Иногда занятия по режиссуре мы проводили на квартире Сергея Михайловича. Эйзенштейн любил, когда студенты приходили к нему домой. В его маленькой трехкомнатной квартире на Потылихе (дом этот снесен) не оставалось ни одного квадратного сантиметра, не заполненного книгами. Книжные полки – во всех комнатах, в коридоре, в ванной, в туалете. Заработанные деньги он тратил на пополнение библиотеки.
Целую стену занимали тома с автографами, подаренные ему авторами. И Чаплин, и Синклер, и Драйзер, и Джойс, и Цвейг, весь цвет литературы XX века был представлен на этих стеллажах.
Я много раз бывал у него дома и совершал с помощью уникальных книг увлекательные экскурсии – то в эпоху Возрождения, то во французский импрессионизм, то в древнегреческое искусство.
Именно Эйзенштейн научил меня понимать красоту живописи и привил любовь к ней.

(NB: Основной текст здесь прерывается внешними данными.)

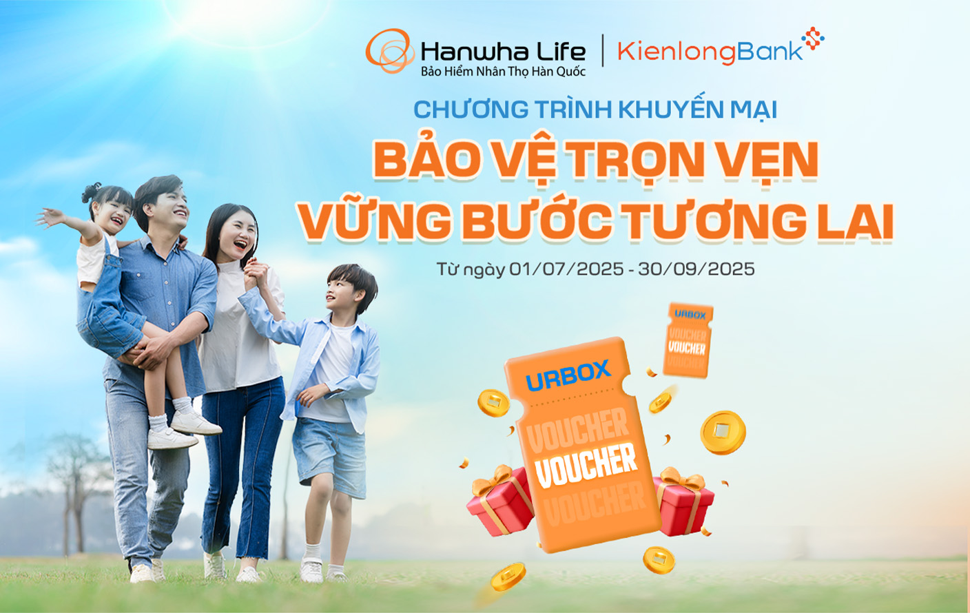 Nhằm tiếp tục mang đến cho khách hàng những kế hoạch bảo vệ và tài chính ưu việt, Hanwha Life Việt Nam triển khai Chương trình khuyến mại “BẢO VỆ TRỌN VẸN – VỮNG BƯỚC TƯƠNG LAI” dành cho khách hàng tham gia Hợp đồng bảo hiểm của Hanwha Life Việt Nam được phân phối thông qua Ngân hàng Thương mại Cổ phần Kiên Long (KienlongBank) với chi tiết như sau:

Благодаря Сергею Михайловичу я пристрастился к собиранию книг. Это были, конечно, в буквальном смысле попытки с негодными средствами. Кроме стипендии я ничего на книги потратить не мог. Но тем не менее Сергей Михайлович таскал меня по букинистическим магазинам, знакомил с букинистами, открывал передо мной мир старых книг, редких изданий, мир удивительный и интересный.

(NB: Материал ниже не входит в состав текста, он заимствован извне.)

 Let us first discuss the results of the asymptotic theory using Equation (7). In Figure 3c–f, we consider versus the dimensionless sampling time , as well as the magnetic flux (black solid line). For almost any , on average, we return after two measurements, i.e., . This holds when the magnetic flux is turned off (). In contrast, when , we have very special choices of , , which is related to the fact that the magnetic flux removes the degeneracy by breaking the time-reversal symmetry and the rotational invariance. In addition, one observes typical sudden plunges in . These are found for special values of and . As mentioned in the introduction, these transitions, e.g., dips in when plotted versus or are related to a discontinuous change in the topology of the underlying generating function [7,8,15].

Эйзенштейн, понимая, что втравил меня в дорогостоящую затею, совершал поступки, которые знающим его людям покажутся неслыханными: он дарил мне книги. Для Сергея Михайловича добровольно расстаться с книгой было равносильно подвигу. До сих пор у меня хранятся монографии о Тулуз Лотреке, о Домье, о Дега с его дарственными надписями. Но больше всего я ценю сценарий «Иван Грозный». Он преподнес мне его в 1947 году, в ноябре месяце, и сделал такую надпись: «Какой год! 800 лет Москвы, 30 лет революции и 20 лет Эльдару!»
Между тем моя учеба двигалась по-прежнему неважно. Летом 1947 года все студенты нашей мастерской работали в Ленинграде у Козинцева, который снимал фильм «Пирогов». Мы были практикантами и выполняли в съемочной группе самые разнообразные поручения. Первое же задание – раздобыть обезьянку для эпизода с шарманщиком – я с блеском провалил. После этого я не справился с рядом других заданий: не смог достать еще какие-то аксессуары, нужные для съемки. В наказание меня не допустили к работе с массовкой, со вторым планом, которую в виде поощрения доверили моим расторопным товарищам.